Als sie nun langsam am Ufer des Meeres zurückgingen, brach er wieder das Schweigen: „Wie lange bin ich jetzt bei euch?“ „Es ist über drei Monate her, daß Du...“ Wala stockte... „daß Du bei uns bist.“ „Warum darfst Du mir nicht sagen, wer ich bin und wie ich hergekommen bin?“ Der junge Mann blieb stehen und hatte auch Wala durch einen sanften Griff an ihrem Oberarm zum Halten bewegt. Sie blickte zu ihm auf. „Auch das darf ich dir nicht sagen.“ Er sah an ihrem Blick, daß sie ihm gern geholfen hätte, aber es ihr wirklich nicht gestattet war. Langsam ließ er ihren Arm los, den er die ganze Zeit nicht losgelassen hatte. „Ich möchte noch etwas allein sein.“ Er senkte wieder seinen Blick und wanderte nun in die andere Richtung des Strandes weiter.
Er war schon ein Stück gegangen als sie ihm nachrief: „Manchmal helfen unsere Träume uns Antworten zu geben.
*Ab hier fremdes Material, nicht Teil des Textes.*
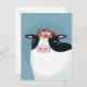 Passe la vache. Une vache heureuse grine avec un nez rose doux, corps noir et blanc, portant de petits pavots rouges dans ses cheveux, situé contre un arrière - plan bleu marine. Illustration originale de Noël Snow.

Wir verarbeiten darin viel, was uns bewegt und was wir erlebt haben.“ Er verharrte so lange wie sie sprach, um dann seinen Weg weiter fortzusetzen.

Ein Zupfen an seiner Kleidung ließ ihn erwachen. Er war am Strand in der Sonne eingeschlafen. Es waren schon einige Wochen vergangen nachdem er mit Wala gesprochen hatte. Er zuckte vor Schreck leicht auf, als er sah, daß es ein Schwan war, der ihn weckte. Auch der Schwan schreckte zurück und schnatterte vor sich hin. Der jung Mann richtete sich auf und sah, daß die Sonne schon langsam unterging. Der Schwan stand vor ihm und schien darauf zu warten, daß er aufstand. Langsam erhob sich der junge Mann. Er befreite seine Kleidung, die von dem feinen Sand bedeckt war. Er blickte wieder zu dem Schwan, der einen kurzen Laut von sich ließ und sich weiter in die Richtung bewegte, die auch er eingeschlagen hatte. Er hatte das Gefühl, als wolle der Schwan, daß er ihm folgt. Er zögerte. Doch als der Schwan sich nochmals umdrehte und das gleiche Geräusch von sich gab, tat er einfach, was sein Gefühl ihm sagte.
Oft flog der Schwan einige Meter voraus, setzte sich geduldig in den Sand, um dann wieder schweigend weiterzufliegen. Erst als die Sonne fast untergegangen war, erblickte der junge Mann, wo der Schwan ihn hingeführt hatte.

Es leuchteten Fakeln im aufkommenden Abendlicht. Als er näher kam, erkannte er Wala, die im Kreis dieser Fakeln stand.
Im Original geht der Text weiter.